◆ RECORDS TO USE
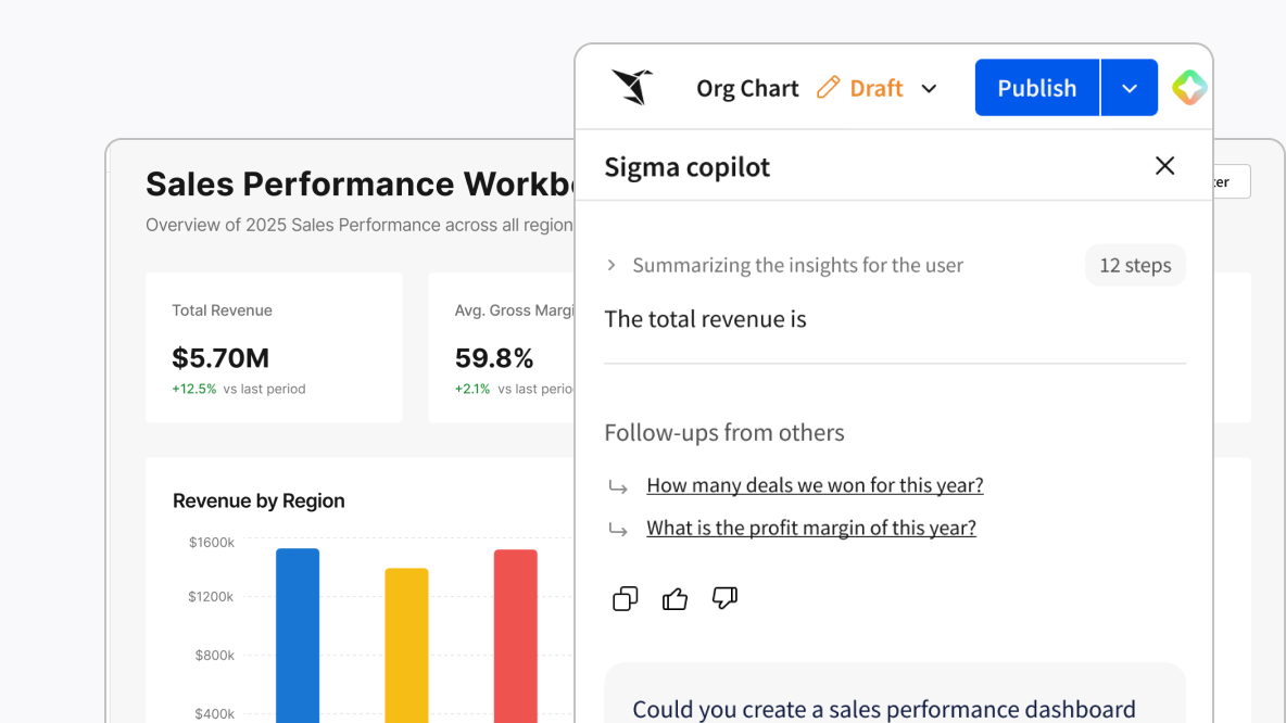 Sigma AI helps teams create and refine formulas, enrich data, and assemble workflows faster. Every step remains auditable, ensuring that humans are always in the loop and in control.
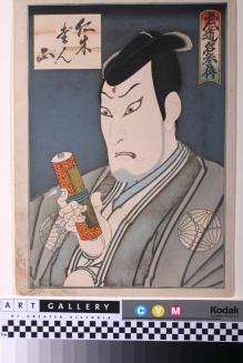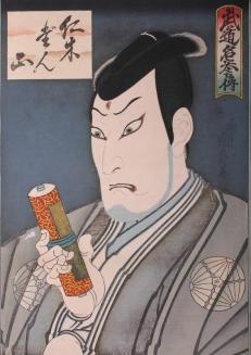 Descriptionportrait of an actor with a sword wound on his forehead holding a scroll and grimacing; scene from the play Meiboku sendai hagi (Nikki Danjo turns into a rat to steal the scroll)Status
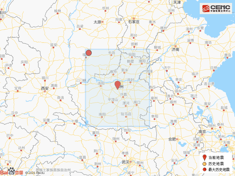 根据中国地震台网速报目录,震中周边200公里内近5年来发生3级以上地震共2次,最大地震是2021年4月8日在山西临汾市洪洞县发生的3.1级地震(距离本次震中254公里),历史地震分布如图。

...

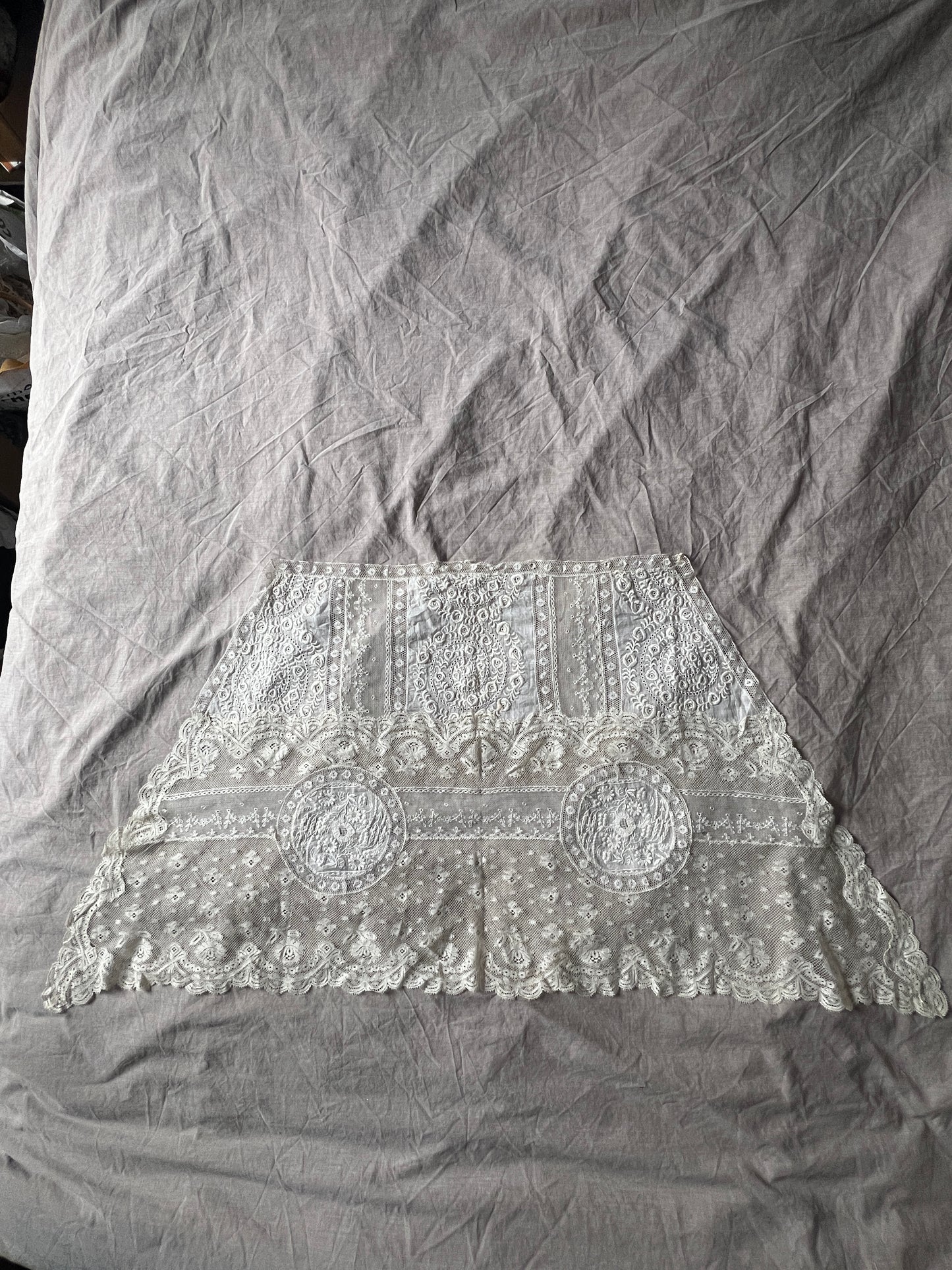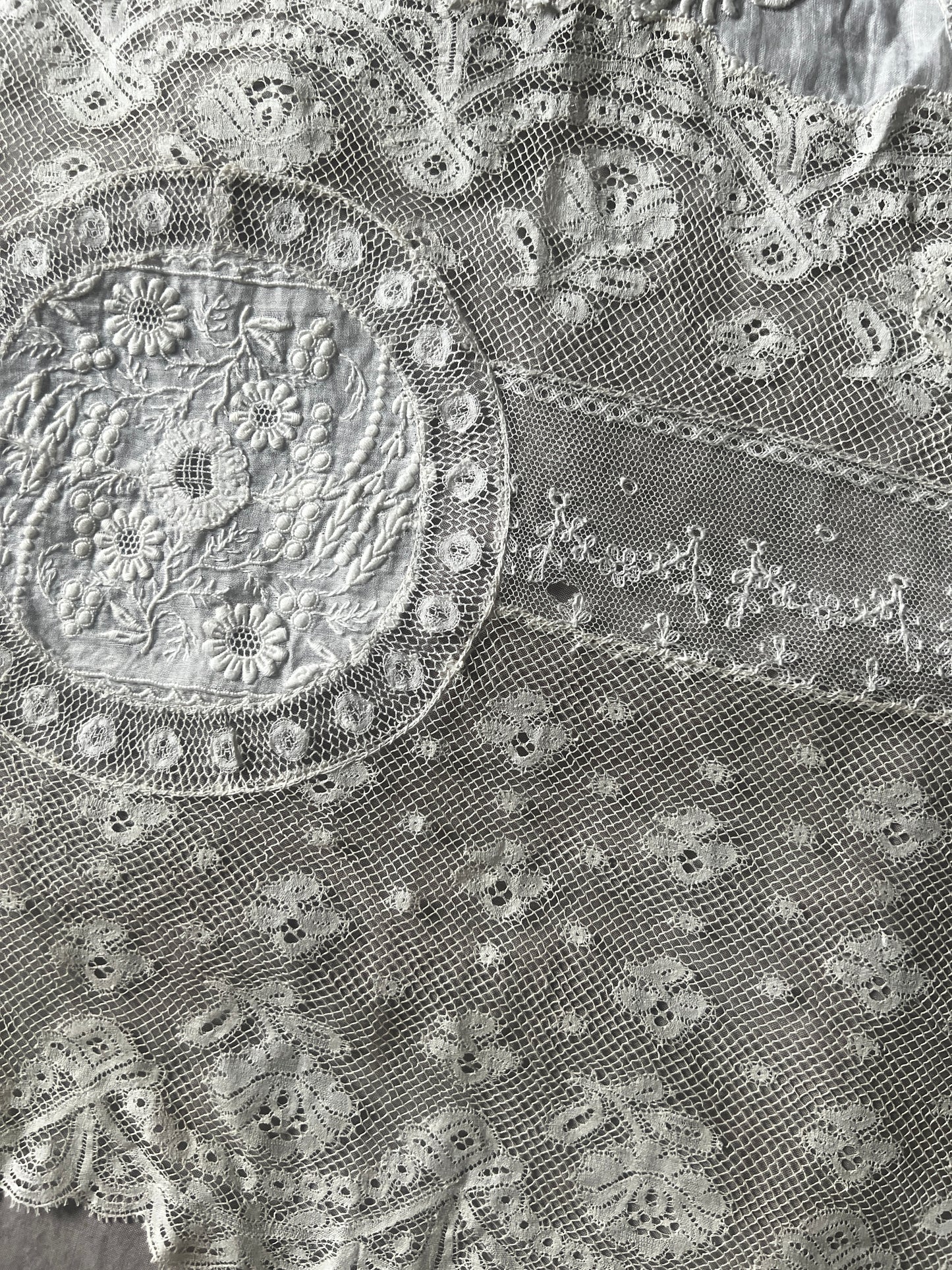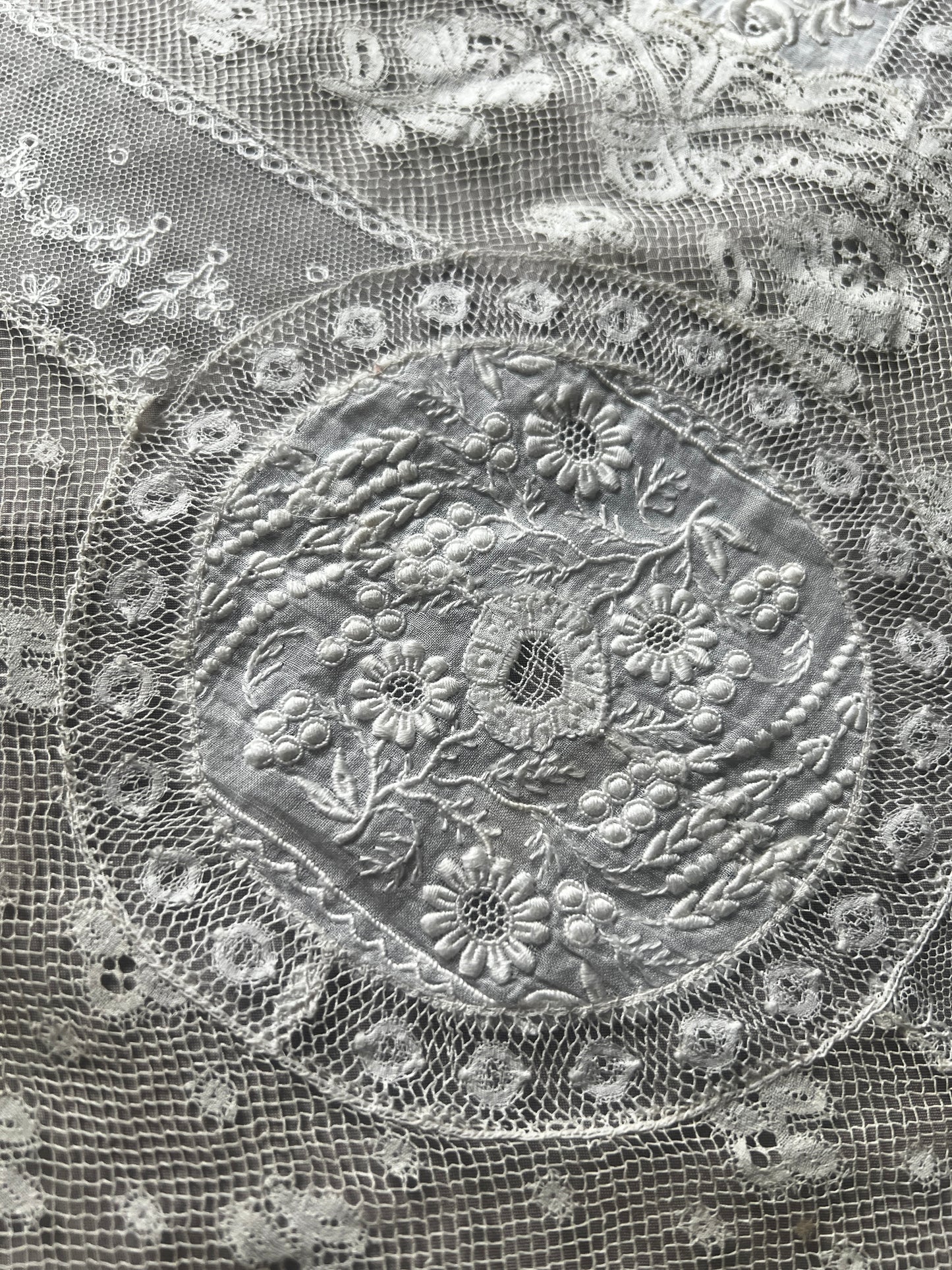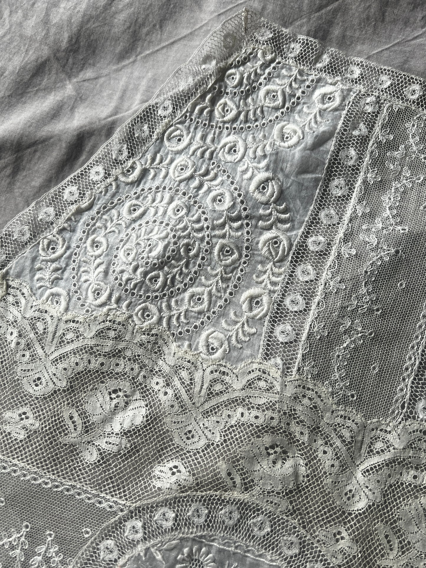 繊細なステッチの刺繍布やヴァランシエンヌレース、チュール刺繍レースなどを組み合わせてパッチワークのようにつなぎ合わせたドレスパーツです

◆ WHAT TO PRODUCE
A word-for-word reproduction is needed of the lines above from the line containing "Descriptionportrait of an" through the line containing "根据中国地震台网速报目录,震", with both ends kept and no pictures.

◆ SOLUTION FOR THIS EXERCISE
 Descriptionportrait of an actor with a sword wound on his forehead holding a scroll and grimacing; scene from the play Meiboku sendai hagi (Nikki Danjo turns into a rat to steal the scroll)Status
 根据中国地震台网速报目录,震中周边200公里内近5年来发生3级以上地震共2次,最大地震是2021年4月8日在山西临汾市洪洞县发生的3.1级地震(距离本次震中254公里),历史地震分布如图。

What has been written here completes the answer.